Я смотрю на папу, спрашиваю взглядом «Правда?», и тот кивает. Затем мы оба провожаем взглядом Оддни, направившуюся к бару.
В последние разы, когда я виделась с мамой, она только и говорила, что о проблемах с алкоголем у Оддни и этом ее новом муже, который ничуть не лучше.
– Значит, вот какие у нас будут выходные, – шепчу я папе.
Он тихонько посмеивается и мотает головой:
– Нет-нет. За твою маму я не переживаю, но ведь ты знаешь, каковы… некоторые.
Я киваю в ответ. Затем я слышу, как знакомый голос окликает меня по имени, и оборачиваюсь. И чувствую, как начинает биться сердце: я вижу Стефанию.
– Стеффи? – удивляюсь я. Ее имя так привычно ложится на язык, хотя я уже много лет не произносила его вслух.
– Давно же мы не виделись! – Она быстро обнимает меня, затем отходит на шаг, разглядывает. – А ты не изменилась.
Я изображаю деланую улыбку. Это звучит как похвала, но на самом деле нет. В подростковом возрасте я была застенчивой, робкой. Одевалась так, чтоб меня не замечали, была полновата, а моя кожа расцветала подростковыми прыщиками. Большинство тех, кто смотрит на фотографии, где мне шестнадцать лет, не верят, что на них я.

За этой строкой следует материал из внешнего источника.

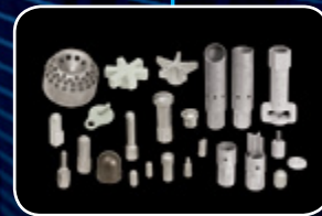
PARTS & SERVICE

– Я не была уверена, приедешь ли ты, – говорю я.
– И я тоже, – усмехается Стеффи. – Но я просто не могла не приехать. Как часто мы вообще вот так собираемся все-все?
– Вот именно. – Я ощущаю, как же я все-таки скучала по ней, несмотря ни на что. Скучала по ее веселому характеру.

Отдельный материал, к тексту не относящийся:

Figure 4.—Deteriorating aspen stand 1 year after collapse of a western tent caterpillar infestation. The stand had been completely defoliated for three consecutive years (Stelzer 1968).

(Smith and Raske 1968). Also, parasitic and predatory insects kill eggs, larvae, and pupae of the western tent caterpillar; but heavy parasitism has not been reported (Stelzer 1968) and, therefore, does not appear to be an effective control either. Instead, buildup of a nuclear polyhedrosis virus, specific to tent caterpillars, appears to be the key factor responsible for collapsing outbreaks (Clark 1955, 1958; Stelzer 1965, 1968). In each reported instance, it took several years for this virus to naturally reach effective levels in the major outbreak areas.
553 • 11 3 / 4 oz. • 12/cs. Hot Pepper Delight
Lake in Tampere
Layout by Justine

– В смысле, по сравнению с тем, как это когда-то было… – вздыхает Стеффи. – А еще я услышала, что Виктор здесь тоже будет, и решила: значит, надо ехать! Нам надо втроем пропустить стаканчик.
– Я…
Стеффи отводит от меня взгляд прежде, чем я успеваю что-то сказать, и окликает маму по имени. Она смеется и наталкивается на меня, проходя мимо.
Кровь приливает к лицу, когда я соображаю, каким же бессодержательным разговором меня «осчастливила» Стеффи. Я смотрю, как она обнимается с моими родителями, улыбаясь и хохоча. Если кто-то и не изменился, так это как раз она. Она в точности такая, как когда мы были моложе.

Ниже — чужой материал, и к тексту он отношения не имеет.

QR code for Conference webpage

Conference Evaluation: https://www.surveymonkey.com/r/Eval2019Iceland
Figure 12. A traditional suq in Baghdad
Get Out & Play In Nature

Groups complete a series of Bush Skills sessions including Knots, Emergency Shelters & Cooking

– Мама? – Ари испытующим взглядом смотрит на меня.
– Я… – Голоса почти нет, и я прочищаю горло, а потом говорю: – Я скоро приду.
Я быстро направляюсь в туалет и закрываюсь там.
Смотрюсь в зеркало и вижу, что, несмотря на макияж, лицо покраснело и блестит. «Не надо так, – говорю я себе. – Не допускай, чтоб она опять так на тебя влияла».
Но я не могу иначе. Со Стефанией связаны все мои воспоминания о юности. Мы каждый день проводили вместе. И хотя в это трудно поверить, по-моему, мы чаще спали на одной кровати, чем отдельно. У нас был общий платяной шкаф, обеды, мы вместе ходили на гимнастику, ездили на каникулы. И даже Рождество справляли вместе. Когда я думаю о ней, ощущаю вкус фруктового льда, запах хлорки в бассейне и песок под пятками во время наших игр на пляже Лаунгасанд.
Когда снова открываю глаза, все черно. Я несколько раз моргаю и чувствую, как паника запускает в меня свои когти. Хватаюсь за раковину. Не сразу соображаю, что ничего страшного не случилось. Я не ослепла. Просто в туалете выключилась лампочка, а поскольку окон там нет, то и дневной свет туда не проникает, и темнота совсем кромешная.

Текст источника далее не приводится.